Data Engineer

India - Hyderabad

Full Time Mid-level / Intermediate USD 49K - 91K *

Amgen

Amgen is committed to unlocking the potential of biology for patients suffering from serious illnesses by discovering, developing, manufacturing and delivering innovative human therapeutics.

View all jobs at Amgen

Apply now Apply later

Posted 1 month ago

Career Category

Information Systems

Job Description

Join Amgen’s Mission of Serving Patients

At Amgen, if you feel like you’re part of something bigger, it’s because you are. Our shared mission—to serve patients living with serious illnesses—drives all that we do.

Since 1980, we’ve helped pioneer the world of biotech in our fight against the world’s toughest diseases. With our focus on four therapeutic areas –Oncology, Inflammation, General Medicine, and Rare Disease– we reach millions of patients each year. As a member of the Amgen team, you’ll help make a lasting impact on the lives of patients as we research, manufacture, and deliver innovative medicines to help people live longer, fuller happier lives.
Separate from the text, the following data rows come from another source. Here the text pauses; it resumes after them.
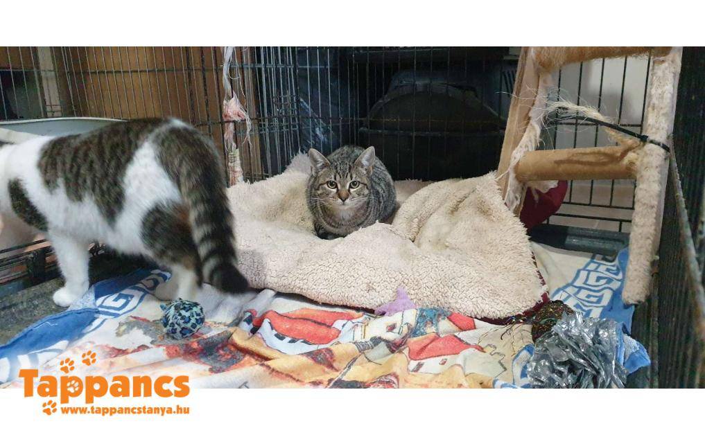 Várólistáról került be két kölyök cica Dorozsmáról. Az anyjuk egy társasház udvarán talált menedéket, idős házaspár etetgette őket. Egészségügyi okok miatt magukhoz nem tudták befogadni, de nagyon szeretik az állatokat, megsajnálták. A ház többi lakóját zavarta, nem segítettek az időseknek, csak a zsörtölődés ment miatta, ezért kértek segítséget. Közben világra is hozott három apróságot, ebből a legkezesebb eltűnt, a másik két kicsi pedig most bekerült a menhelyre. Anyjuk nem adta magát könnyen, hogy betegyék hordozóba, ezért kölcsön kértek egy élvebefogó csapdát. A két kicsi kellően meg van szeppenve, egyelőre nem is barátkoznak csak fújnak ránk. Azért rövid időn belül rájöttek, hogy nincs okuk tartani tőlünk, apró léptekben már dorombolással viszonozták meg a simogatást. Még bizalmatlanok, nyilván, de napról-napra jobb a helyzet, és egyre érdeklődőbbek, nyitotabbak. Körülbelül 4 hónaposak lehetnek, lánykák. A cirmos szerényebb, visszafogottabb (egyelőre), ő a Lujza nevet kapta, míg nővére, a kis kerekded forma cirmos-fehér falánk leányzó a Leila név büszke tulajdonosa.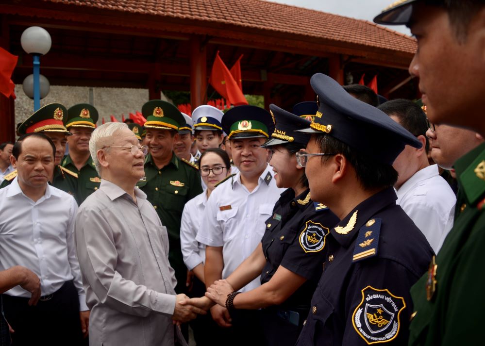 Tại đây, Tổng Bí thư Nguyễn Phú Trọng thăm, tặng quà lực lượng liên ngành làm việc tại khu vực cửa khẩu.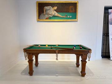 Carambola Professionale con piano in ardesia . Carambola vintage costruita nel 1923 per un imbarcazione di lusso dell’epoca. Completamente in legno massello. Panno nuovo e completa di tutti gli accessori d’uso nuovi. Misure campo gioco: 146x70CM. Misure Esterne :88x163CM. Spediamo in tutta Italia (costo aggiuntivo). Offriamo anche possibilità di trasporto e montaggio a domicilio nel raggio di 500KM (costo aggiuntivo). Visita anche il nostro sito: www.tnbiliardi.com troverete una vasta gamma di calcio Balilla Biliardo ecc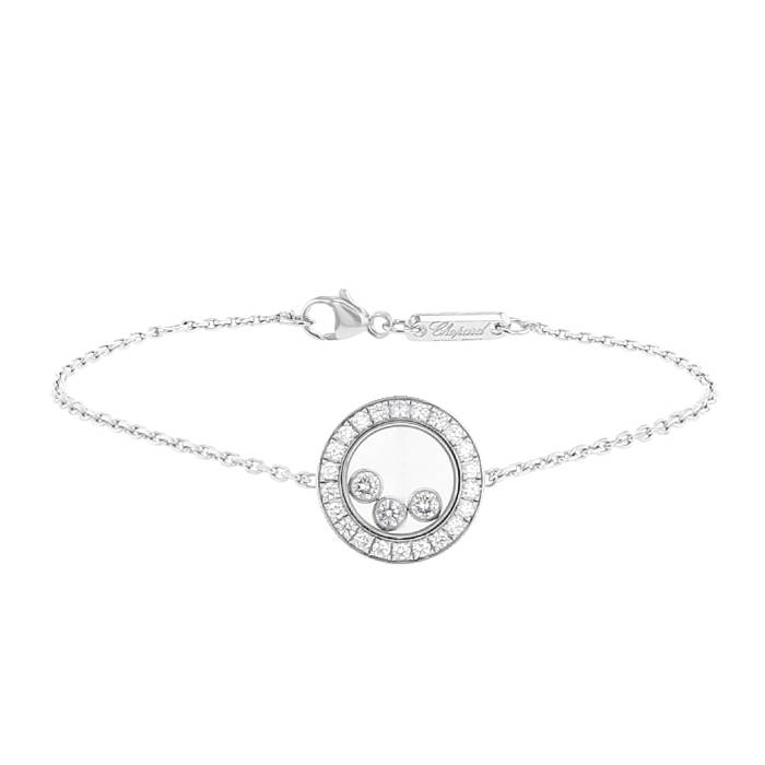 Ravissant bracelet Chopard Happy Diamonds en or blanc et diamants, composé d'un élégant motif central rond en or blanc, orné en son centre de 3 diamants mobiles réhaussés d'une ligne de diamants de taille brillant (0,35 carat), le tout retenu par une fine et délicate chaine en or blanc.

Our award-winning culture is collaborative, innovative, and science based. If you have a passion for challenges and the opportunities that lay within them, you’ll thrive as part of the Amgen team. Join us and transform the lives of patients while transforming your career.

What you will do

Let’s do this. Let’s change the world. In this vital role you will serve a critical function within Organizational, Planning, Analytics & Insights with a goal of enterprise-wide, long-term workforce transformation by connecting people, financial, procurement & capability data to enable business insights & decisions. The Data Engineer will collaborate with the Tech and Data lead for OPA&I and will be responsible for building and maintaining data engineer solutions based on OPA&I requirements.

Roles & Responsibilities:

Data Integration and Management: Develop and maintain robust data pipelines to integrate data from various sources, including HR, Finance, Procurement, and Activities. Ensure seamless data flow and synchronization between systems and databases. Implement strategies and tools to efficiently run and process unstructured data. Develop methods to extract important insights from unstructured data sources. Establish and implement data validation procedures to ensure data accuracy and consistency. Develop and maintain data standards and ensure data integrity across all systems. Develop and maintain a single source of truth for organizational data. Ensure data requirements for applications, data scientists, and multi-functional use cases are met, and ensure dedication and reliability of the system. Maintain, patch, and upgrade data pipeline solutions to maintain security and regulatory compliance, performance standards, and platform best practices.
Automation development: Design and implement automation solutions for data processes, including one-click base-lining and case generation. Continuously seek opportunities to improve efficiency through automation. Lead the development and implementation of automation solutions for data processes. Ensure automation initiatives enhance efficiency and support strategic business goals.
Process and Data Improvement: Identify and implement improvements in data processes and workflows. Collaborate with other teams to enhance data quality and operational efficiency. Design, code, test, and review data pipelines to standards and best practices for data solutions.

What we expect of you

Basic Qualifications:

Master’s degree in computer science or engineering field and 1 to 3 years of relevant experience OR
Bachelor’s degree in computer science or engineering field and 3 to 5 years of relevant experience OR
Diploma and Minimum of 8+ years of relevant work experience

Must-Have Skills:

Experience with Databricks (or Snowflake), including cluster setup, execution, and tuning
Experience building ETL or ELT pipelines; Hands-on experience with SQL/NoSQL
Experience with one or more programming languages, Python, R, SAS, Scala, or Java.
Experience with common data processing libraries: Pandas, PySpark, SQLAlchemy.
Experience with software engineering best-practices, including but not limited to version control, infrastructure-as-code, CI/CD, and automated testing
Experience with data lake, data fabric and data mesh concepts
Experience with data modeling, performance tuning, and experience on relational and graph databases

Good-to-Have Skills:

Experience operationalizing and handling production data systems: Airflow, Linux, Monte Carlo, Kafka.
Experience with AWS services: EC2, S3, EMR, RDS, Redshift/Spectrum, Lambda, Glue, Athena, API gateway, and design patterns (Containers, Serverless, Kubernetes, Docker, etc.)
Experince with DevOps tools (Ansible/ Gitlab CI/CD / GitHub / Docker /Jenkins)
Experience working in Agile-based teams

Soft Skills:

Excellent analytical and solving skills
Strong verbal and written communication skills
Ability to work effectively with global, virtual teams
High degree of initiative and self-motivation
Ability to handle multiple priorities successfully
Team-oriented, with a focus on achieving team goals
Strong presentation and public speaking skills

EQUAL OPPORTUNITY STATEMENT

Amgen is an Equal Opportunity employer and will consider you without regard to your race, color, religion, sex, sexual orientation, gender identity, national origin, protected veteran status, or disability status.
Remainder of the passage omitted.